Another unique feature is the company’s philosophy of stocking high running parts. “I like to have 2 weeks of my customer’s steady runners,” Gary detailed. “It’s not the JIT philosophy of today, but it works for me and my customers love it.”
Gary was also quick to credit his highly talented staff for making it all possible. “We have some great people here. A lot of them go on to bigger and better jobs, but our average employee has been here about 15 years.” Many key employees were serendipitous encounters Gary and Glenda have made along the way. They often met people at a crossroads in their career. “I’ve told them, ‘come and hang your hat here while you are looking,’ and they have just stayed.” The tone is upbeat and everyone seems to genuinely enjoy being there. “If you can’t joke around, and have fun, this just isn’t the place for you,” he happily advised.
Just as Gary was quick to credit his employees, he was also eager to praise his outside sales reps as an asset that sets the company apart. “I thoroughly believe in dealing with reps. I was a rep myself and I know they are in there on a weekly basis, and they understand the people, players, and know when the dynamics change.” He has resisted any outside advice to change the marketing structure. “They have built the relationships over the years that I just can build over the phone or with the internet, and they just do a great job.”

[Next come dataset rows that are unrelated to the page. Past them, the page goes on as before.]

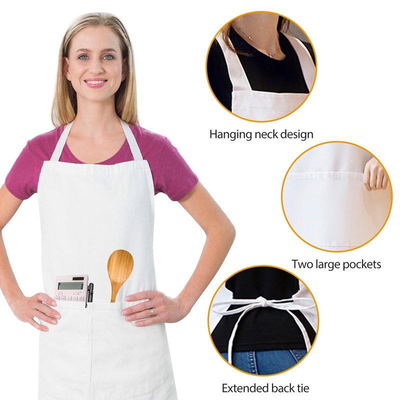 - High Quality Material The bib aprons are made of high quality polyester and cotton, soft, comfortable, breathable, lightweight, durable, easy to clean, non-fading, resists wrinkles and shrinkage.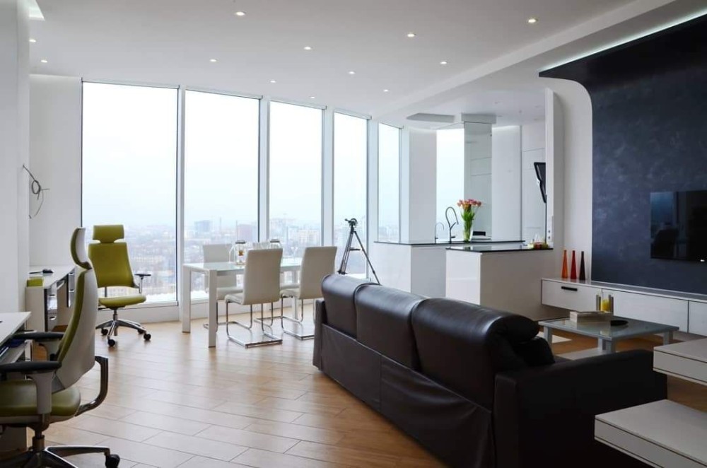 • Комфорт Кондиционер, Подогрев полов, Ванна, Душевая кабина, Мебель на кухне, Гардероб, Терраса, Панорамные окна, Сигнализация, Пожарная сигнализация, Видеонаблюдение, Консъерж, Охраняемая территория, Парковочное место, Гостевой паркинг, Подземный паркинг, Лифт, Грузовой лифт, Автономный электрогенератор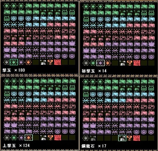採掘結果は 撃玉180 上撃玉124 秘撃玉14 鋼龍岩17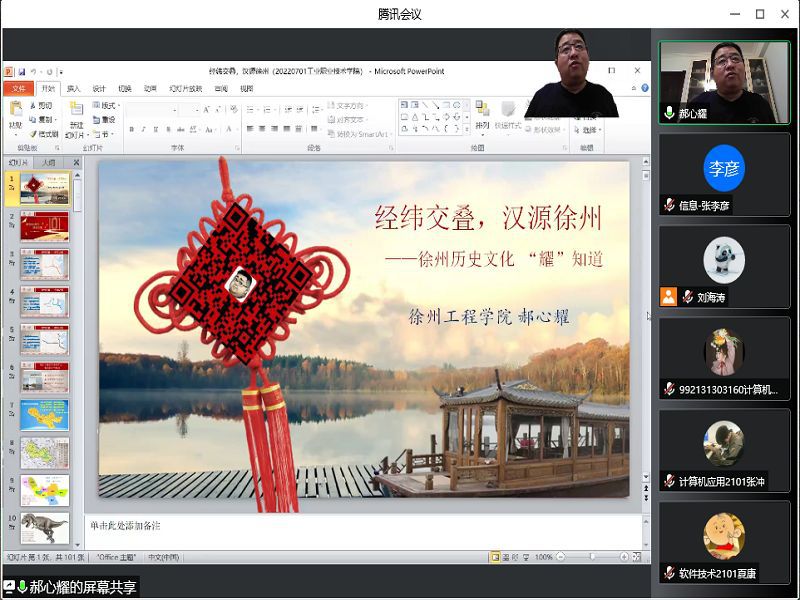 云端听看,坚定文化自信。7月1日正值香港回归25周年,党总支首先组织师生党员收看了庆祝香港回归25周年大会特别报道,感受了香港回归祖国25周年以来的繁荣发展和“一国两制”的伟大实践。随后,党总支邀请“徐博001号志愿讲解员”郝心耀为全体党员和学生代表开展了一次云端讲座。郝老师以“经纬交叠,汉源徐州”为主题,在风趣幽默的氛围中,围绕徐州的交通区位、历史变迁、历史名片、历史名人等专题,将徐州的辉煌历史徐徐道来。通过云端听看,师生们了解了“汉代三绝”等两汉文化的精髓,通过文物历史了解徐州文化,感受到了悠久厚重的人文历史。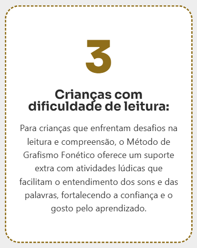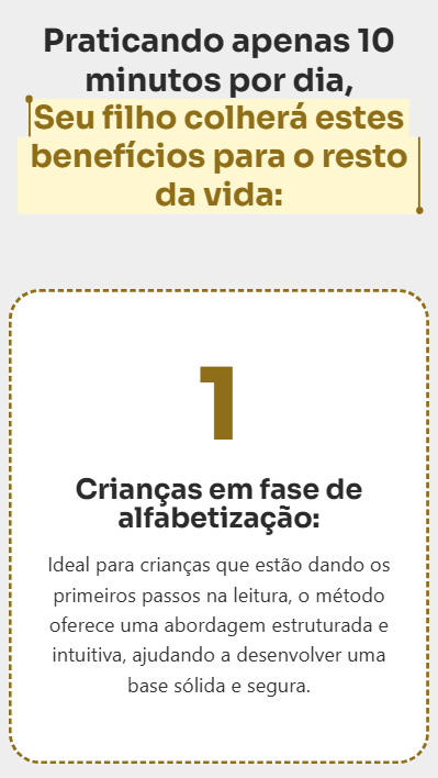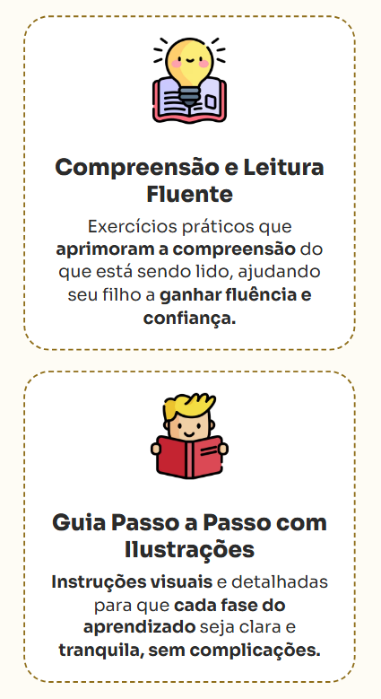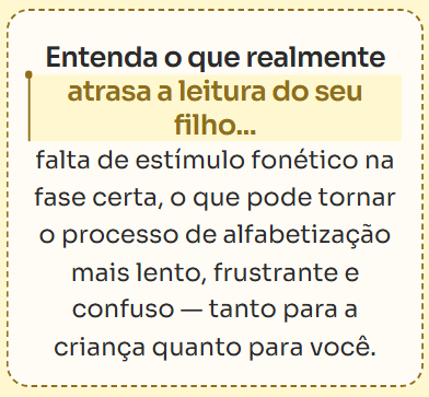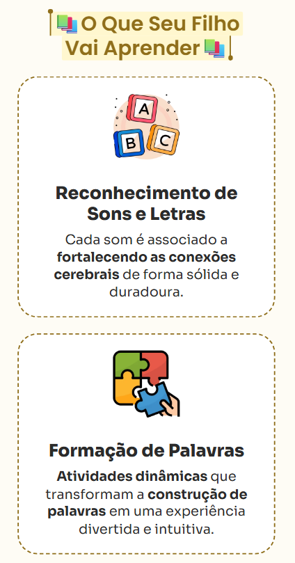 Com o Kit de Grafismo Fonético, baseado no método americano de alfabetização, seu filho aprende a ler até 5x mais rápido — de forma divertida, simples e eficaz, direto de casa!

When asked about the future, Gary advised that they are accepting no new business at this time. “We did $2.6 in sales last year and I’ve got about three times that currently in backlog.” His dad always told him to beware of going out of business by growing too fast. “I just turned down about $1M in new business, and I told them it wouldn’t be right for me to take the business and fail at their work, along with the work for my current customers.” He appreciates the backlog as a blessing, but also a burden they have to solve as they build staff for a second shift.
Gary is very thankful for the successes of the business over the years and thinks often about it’s unlikely beginning. “This business was an accident – I mean, I went to a garage sale! And I just think that for many people who end up in business for themselves, it’s an accident by the grace of God.”